E.V. Rieu’s spirited and pacy rendering is quite freewheeling and as a result tends to lose some of the verbal richness and echo play of the Iliad and Odyssey, the epic forerunners and inspirational source material for Apollonius. At the end of the excerpt above he renders the Homeric tinged phrasing of the original with a pretty bald ’then he died’ type of bathetic statement. The original quasi-epic Greek has him, ‘pouring out his spirit in a torrent’, vividly combining the loss of his soul and most of his life blood – and without the the ancient Greek we lose the impact of the grisly onomatopoeia of the death punch with the verb at the end of the descriptive phrase, ‘ ostea d’eisou..rexen’. The whole passage is full of the abbreviated chopped off connective/adversative particle  de (d’), giving the impression that the narrator can hardly get his words out due to the breathless excitement and the sheer speed of the action on front of his eyes. It could have come right out of 3rd Century BC sports commentary of a boxing match! To be fair to Rieu, he has followed the path of most modern translators who remove a lot of the conjunctions and particles that would be superfluous or even obstructive to rhythms of English, but in the ancient (faux-epic Alexandrine?) Greek makes so much of the atmosphere and provides vivid and exciting pacing devices, especially in action scenes like the beach rumble with Arch-thug Amycus.

Saturday, 4 July 2015

Callimachus and Apollonius - The Short and Long of it


It seems that I have been overdoing the lentus in umbra a bit so I thought I would post a little by way of background to our next text reading of the Argonautica of Apollonius of Rhodes (born 295 BCE). Apollonius was a protege or erstwhile pupil to the Alexandrian scholar-poet Callimachus of Cyrene (born 310 BCE) the former being the younger presumably even though by all scholarly accounts Callimachus outlived his mentee and rival. Yes rivals for it seems that at first the two got on rather well but later became antagonists and even according to some traditions bitter enemies.

There are two strands to this rivalry or perhaps one with two branches, an artistic feud over whether short richly allusive poetic works (the sort we tend to associate the Hellenistic age with) were superior to the longer epic (in the vein of Homeric homage) type works, and a more personal level to and fro-ing based on the fact that Callimachus was passed over for promotion at the library of Alexandria when Ptolemy II Eugertes favoured Apollonius for the position of chief librarian. Its really difficult to judge how much of this is genuine history since our only real source of biographical information for both men apart from the odd snippet deduced from the fragments of poetry themselves (in Callimachus' case especially) comes from the Suda (Greek for Fortress or Stronghold), a 10th Century Byzantine encyclopedia of the ancient mediterranean world.
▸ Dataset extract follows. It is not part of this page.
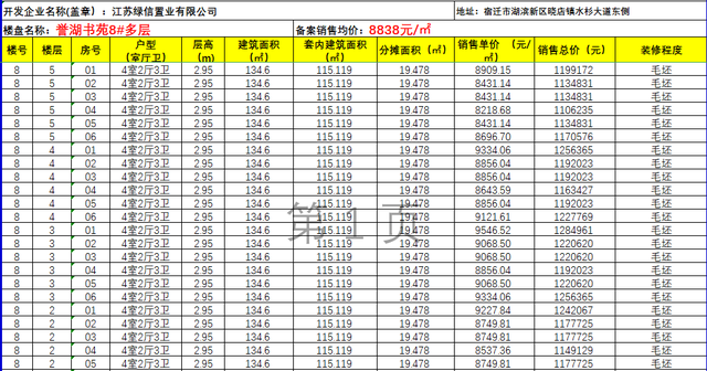 誉湖书院8#多层 毛坯房 备案量共计30套房源,建筑面积约为134㎡,销售均价8838元/㎡。

The information contained therein is culled from a variety of conflicting sources over a thousand years after the death of both men and so we should be careful not to take the embellishments too much at face value. The argument  for which they have come to symbolize or stand as representative poles, namely the chestnut of long versus short poetical works of the period, had been going on before their birth and continued to rage on through the remainder of the Hellenistic period (323-30 BCE).

I have been reading Callimachus' collected fragments, the Aetia (causes), Iambi, Hecale and others and despite the text coming across as having been through a shredder, peppered with lacunae and untranslatable segments it is often very interesting and makes for fascinating and upon occasion moving reading.The poetical feud seems in evidence from time to time as one reads through the fragmented remains and Callimachus does make the odd barbed comment against longer types of poetical works and by extension their authors.

In Aetia, Against the Telechines l.16-18 he states '...but poems are sweeter for being short (mellikroterai). Begone, you baneful race of jealousy! hereafter judge poetry by (the canons) of art, and not by the Persian chain.' 

It is interesting to note that the Telechines was another name for the inhabitants of Crete, Rhodes, Sicyon, Ceos or Cyprus...all famed for beating out items from copper and for being mischievous sorcerers - Apollonius was known to have self exiled himself to Rhodes following a falling out with Callimachus so this could be a subtle side swipe at the younger poet as a 'hammerer' of his own poetry to form newer mongrel type genres. 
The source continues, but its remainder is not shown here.